南都 十輪院 奈良市十輪院町27 TEL.0742-26-6635

こころの便り

120年の人生

平成30年6月10日

お釈迦様の弟子にアナン尊者という人がいました。静かな場所で座禅をしていると、鬼が現れて、「お前の命はあと三日しかない。今度生まれ変わると私のようにやせ細った醜い鬼になるぞ」と告げました。驚いたアナンはお釈迦様にそのことを申し上げると、お釈迦様は「鬼は食べ物がなくて苦しんでいるに違いない。お前に食べ物を求めているのだよ」と告げました。


アナンは苦しんでいる飢えた鬼たちに食べ物や飲み物を与えるためにお供え物をし、多くの僧を招いてお経を唱えてもらいました。そのおかげでアナンは120才まで長生きができたと伝えられています。


私たちが死後に趣く世界のひとつに飢え苦しむ餓鬼の世界があります。そのような世界に行かないためには生きているうちに餓鬼たちを供養してあげることが大切です。
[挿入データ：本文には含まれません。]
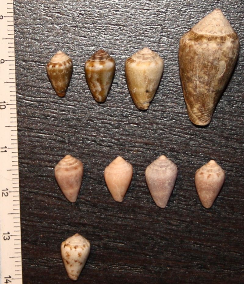 le prime due foto riprendono esemplari di cono mediterraneo, le altre due esemplari di columbella rustica, l'esemplare in basso dell'ultima foto dovrebbe essere una Pisana maculosa, che attualmente ha un'altro nome.
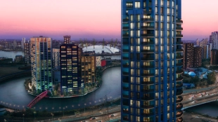 Cerulean Quarter is a 32-story, 215-unit apartment complex in Canning Town. The building with a strict modern architecture is finished with neutral color panels. The complex offers apartments from 1 to 3 bedrooms with finished finishes.
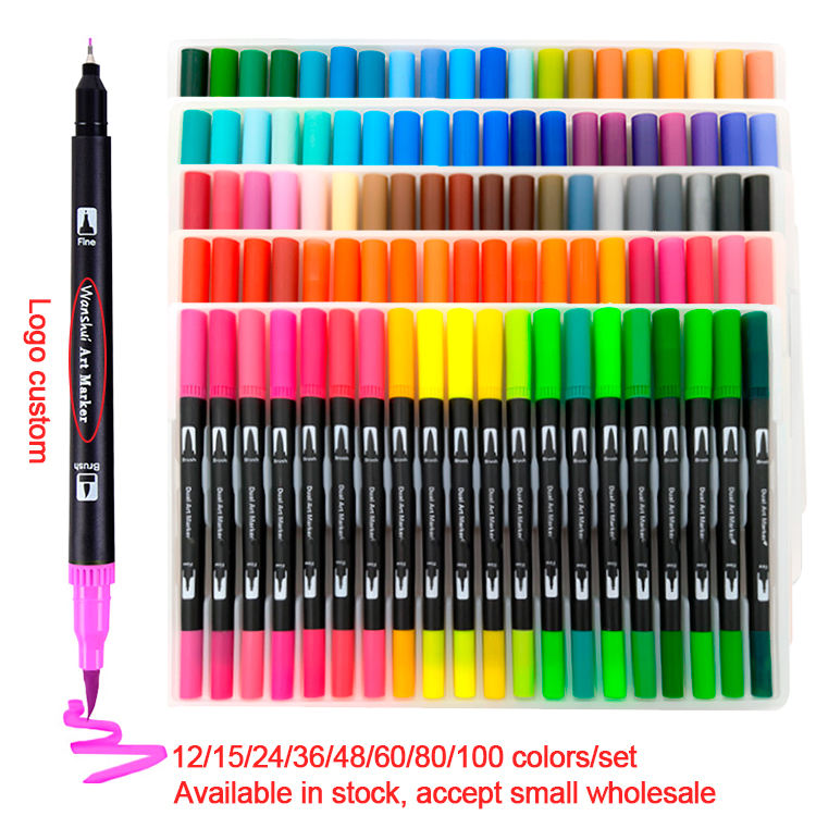Dual Tip Calligraphy & Watercolour Art Markers Pen Set 60/80/100 Colors for Adult Colouring Books
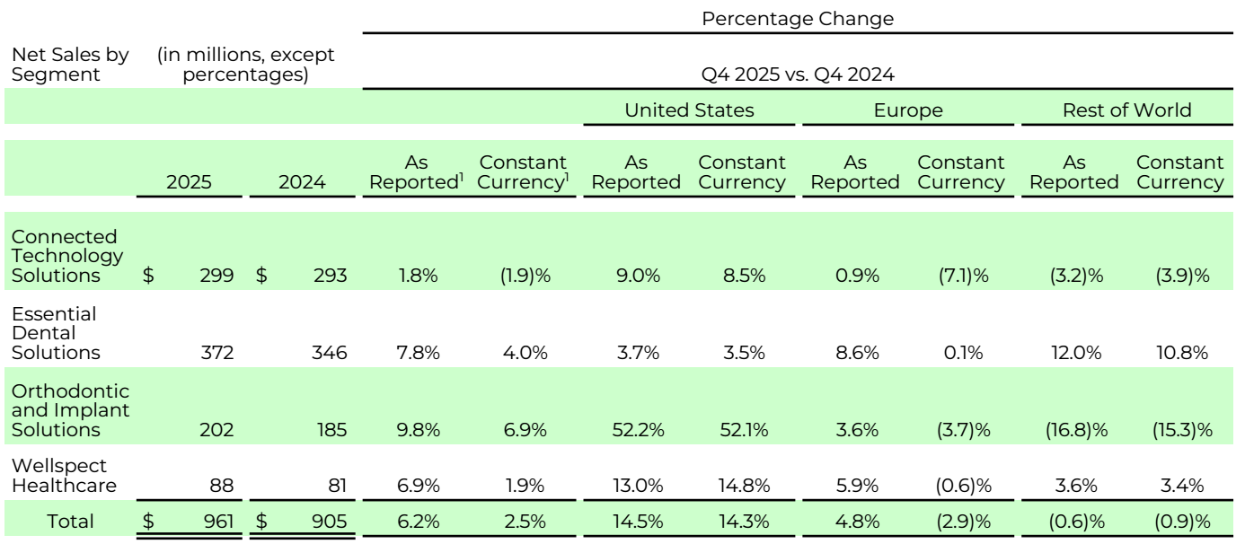 | 图源:Dentsply Sirona Fourth Quarter and Full Year 2025 Results |
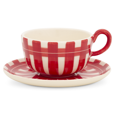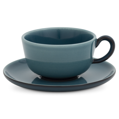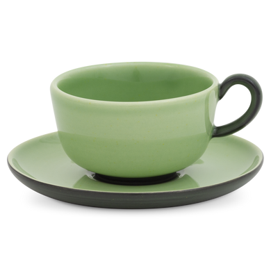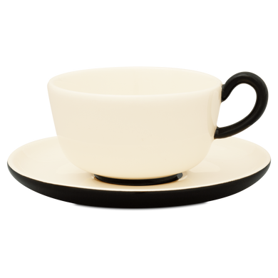 Die zweiteilige Mokka-Espresso-Tasse von Hedwig Bollhagen mit der Formnummer „561“ besticht durch ihre rustikale Form. Charakteristisch für das zweiteilige Set aus Tasse und Untertasse sind der Ohrenhenkel und die dickwandige Keramik. Dank der kompakten Wandstärke ist die Isolationsfähigkeit dieser Tasse recht hoch. Dadurch bleibt der Mokka oder auch Espresso Macchiato länger heiß. Mit einem Fassungsvermögen von 0,1 Litern ist die Espressotasse weder zu groß noch zu klein. Nach oben öffnet sich das vier Zentimeter niedrige und siebeneinhalb Zentimeter breite Gefäß großzügig und lässt für den Milchschaum auf dem Macchiato ausreichend Platz. Nach unten findet die urige Tasse in der kreisrunden Öffnung der etwas stärker nach oben gewölbten Untertasse einen sicheren Halt.

実は餓鬼は我々の先祖です。助けるためには、お供え物をすることはもちろんですが、塔を建てることが大きな供養になると言われています。五輪塔や供養塔はそのためのものですが、五輪塔をかたどった板塔婆を用いるのが今では一般的です。そこに先祖の戒名を記し、多くの僧侶を招いて読経をお願いします。餓鬼を供養することは自身の長寿を願うことになります。


アナンが健康で長生きできた故事にちなんで行われているのが施餓鬼法要です。餓鬼は屋外にいるとされていますので外に向かって法要を行いますが、5人の仏さまの力をお借りします。


多宝如来(宝生如来)

餓鬼世界に落ち、苦しんでいる者を救ってくださる仏さま


妙色身如来(阿閦如来)

醜くなった姿を元通りにしてくださる仏さま


甘露王如来(阿弥陀如来)

心身の穢れを取り除いてくださる仏さま


広博身如来(大日如来)

飲食のありがたさを教えてくださる仏さま


離怖畏如来(釈迦如来)

恐怖におののく心を取り除いてくださる仏さま



以上、5人の如来さまの功徳を讃えることによって、私たちは先祖に護られ、幸せな人生を送くることができると思います。